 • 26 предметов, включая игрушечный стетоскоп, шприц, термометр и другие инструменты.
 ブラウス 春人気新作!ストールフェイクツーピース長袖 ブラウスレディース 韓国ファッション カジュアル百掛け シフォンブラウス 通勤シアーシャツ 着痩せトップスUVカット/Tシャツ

* * *

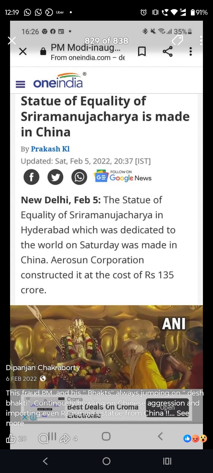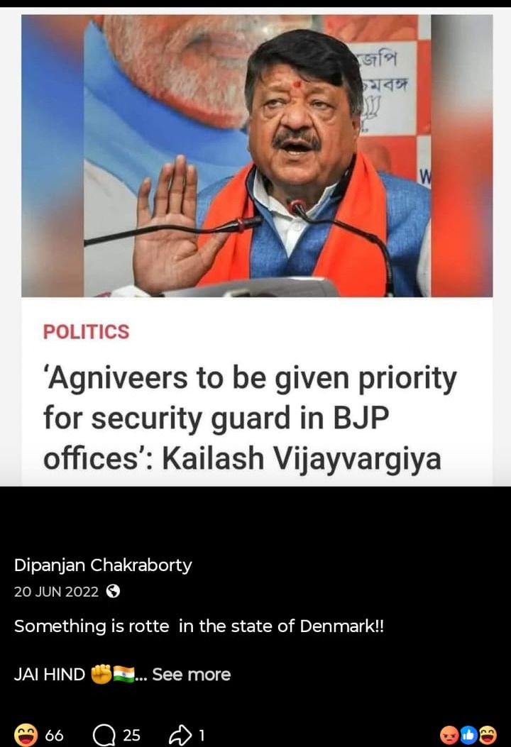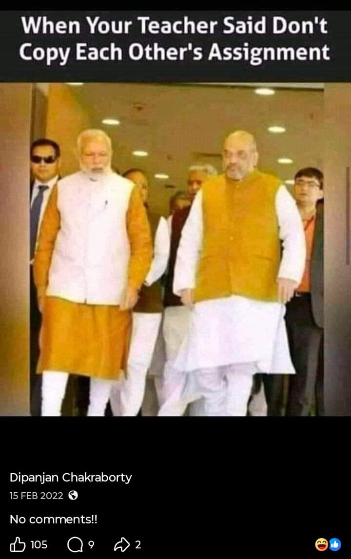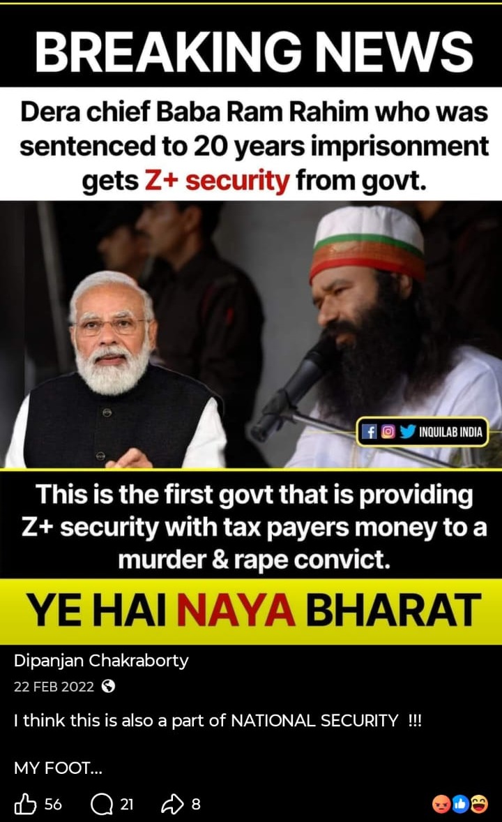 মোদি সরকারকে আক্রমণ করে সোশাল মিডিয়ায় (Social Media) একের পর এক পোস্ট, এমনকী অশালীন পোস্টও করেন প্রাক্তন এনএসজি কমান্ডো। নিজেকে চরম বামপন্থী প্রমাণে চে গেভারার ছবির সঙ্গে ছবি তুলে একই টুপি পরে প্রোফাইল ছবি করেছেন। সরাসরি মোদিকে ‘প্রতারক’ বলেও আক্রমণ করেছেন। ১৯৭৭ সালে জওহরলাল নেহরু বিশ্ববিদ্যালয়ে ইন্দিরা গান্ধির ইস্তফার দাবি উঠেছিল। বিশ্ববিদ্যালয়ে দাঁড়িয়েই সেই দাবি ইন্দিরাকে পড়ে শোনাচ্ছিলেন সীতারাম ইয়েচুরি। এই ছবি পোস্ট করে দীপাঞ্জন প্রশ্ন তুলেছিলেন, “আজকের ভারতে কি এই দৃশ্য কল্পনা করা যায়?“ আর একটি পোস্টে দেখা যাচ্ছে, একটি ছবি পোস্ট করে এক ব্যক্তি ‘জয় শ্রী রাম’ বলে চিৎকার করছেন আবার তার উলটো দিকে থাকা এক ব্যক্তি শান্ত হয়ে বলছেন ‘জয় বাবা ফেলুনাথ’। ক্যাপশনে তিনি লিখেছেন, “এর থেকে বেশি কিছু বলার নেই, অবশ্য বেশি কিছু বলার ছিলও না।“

| TASK DESCRIPTION |
From the material above, retype precisely the lines between the line holding "и другие инструменты." and the line holding "ブラウス 春人気新作!ストールフェイクツーピース長袖 ブラウスレディース", inclusive, and nothing beyond them.

| FINISHED EXERCISE |
 • 26 предметов, включая игрушечный стетоскоп, шприц, термометр и другие инструменты.
 ブラウス 春人気新作!ストールフェイクツーピース長袖 ブラウスレディース 韓国ファッション カジュアル百掛け シフォンブラウス 通勤シアーシャツ 着痩せトップスUVカット/Tシャツ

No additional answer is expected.